EXERCISE DATA:
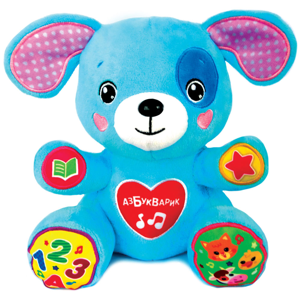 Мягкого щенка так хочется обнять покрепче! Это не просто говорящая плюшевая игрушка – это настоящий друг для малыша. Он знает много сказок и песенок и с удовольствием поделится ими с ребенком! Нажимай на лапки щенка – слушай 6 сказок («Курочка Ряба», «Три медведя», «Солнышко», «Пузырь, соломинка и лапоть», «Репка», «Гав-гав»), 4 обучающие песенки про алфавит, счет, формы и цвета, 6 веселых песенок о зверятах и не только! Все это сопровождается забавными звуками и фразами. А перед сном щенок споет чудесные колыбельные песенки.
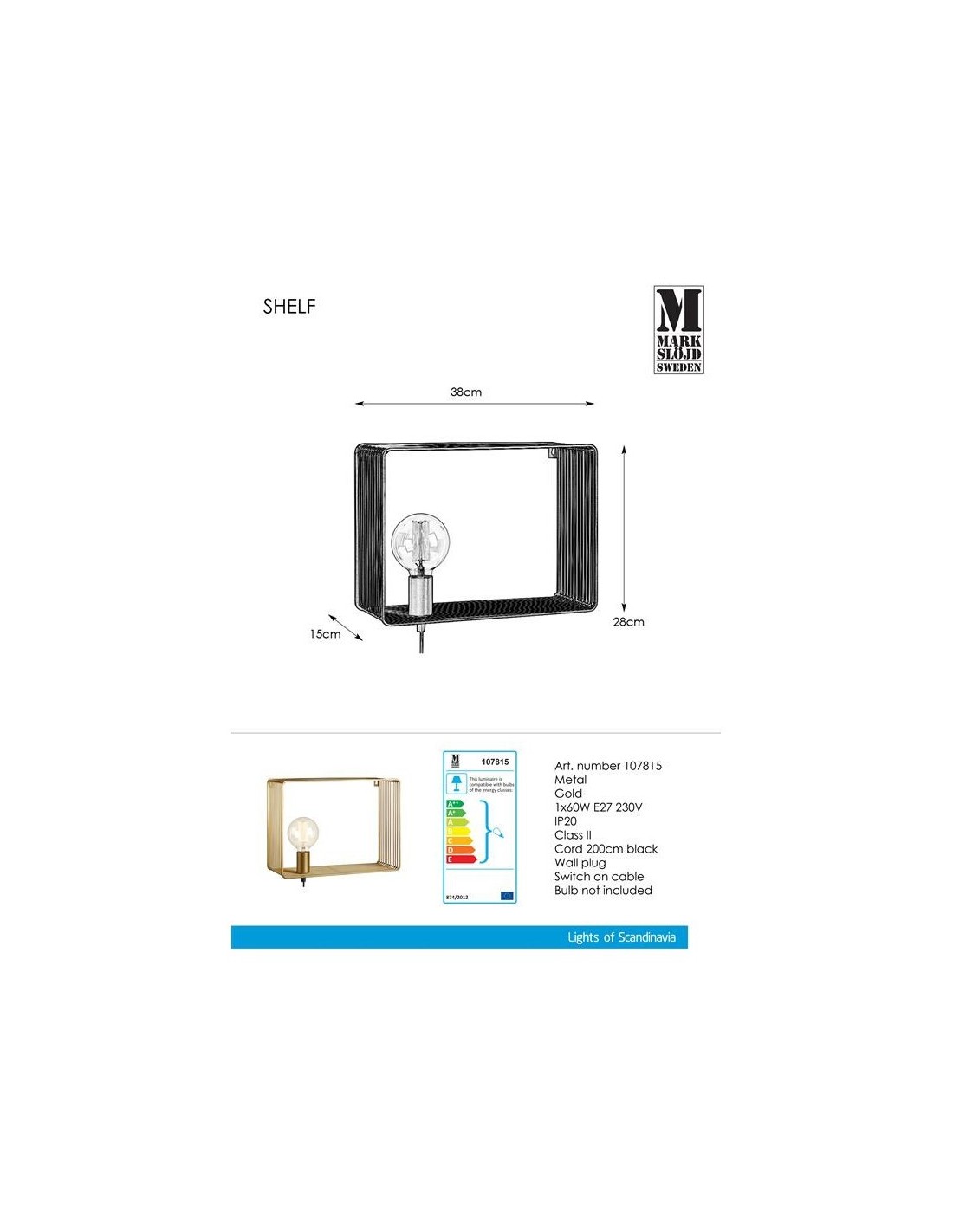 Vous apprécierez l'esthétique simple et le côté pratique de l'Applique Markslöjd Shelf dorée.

* * *

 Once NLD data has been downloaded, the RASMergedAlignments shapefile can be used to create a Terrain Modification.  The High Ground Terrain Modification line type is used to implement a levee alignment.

WHAT TO PRODUCE: The answer must be the part of the records that opens with the line containing "Мягкого щенка так" and closes with the line containing "Vous apprécierez l'esthétique", reproduced exactly, with no pictures.

SOLUTION:
 Мягкого щенка так хочется обнять покрепче! Это не просто говорящая плюшевая игрушка – это настоящий друг для малыша. Он знает много сказок и песенок и с удовольствием поделится ими с ребенком! Нажимай на лапки щенка – слушай 6 сказок («Курочка Ряба», «Три медведя», «Солнышко», «Пузырь, соломинка и лапоть», «Репка», «Гав-гав»), 4 обучающие песенки про алфавит, счет, формы и цвета, 6 веселых песенок о зверятах и не только! Все это сопровождается забавными звуками и фразами. А перед сном щенок споет чудесные колыбельные песенки.
 Vous apprécierez l'esthétique simple et le côté pratique de l'Applique Markslöjd Shelf dorée.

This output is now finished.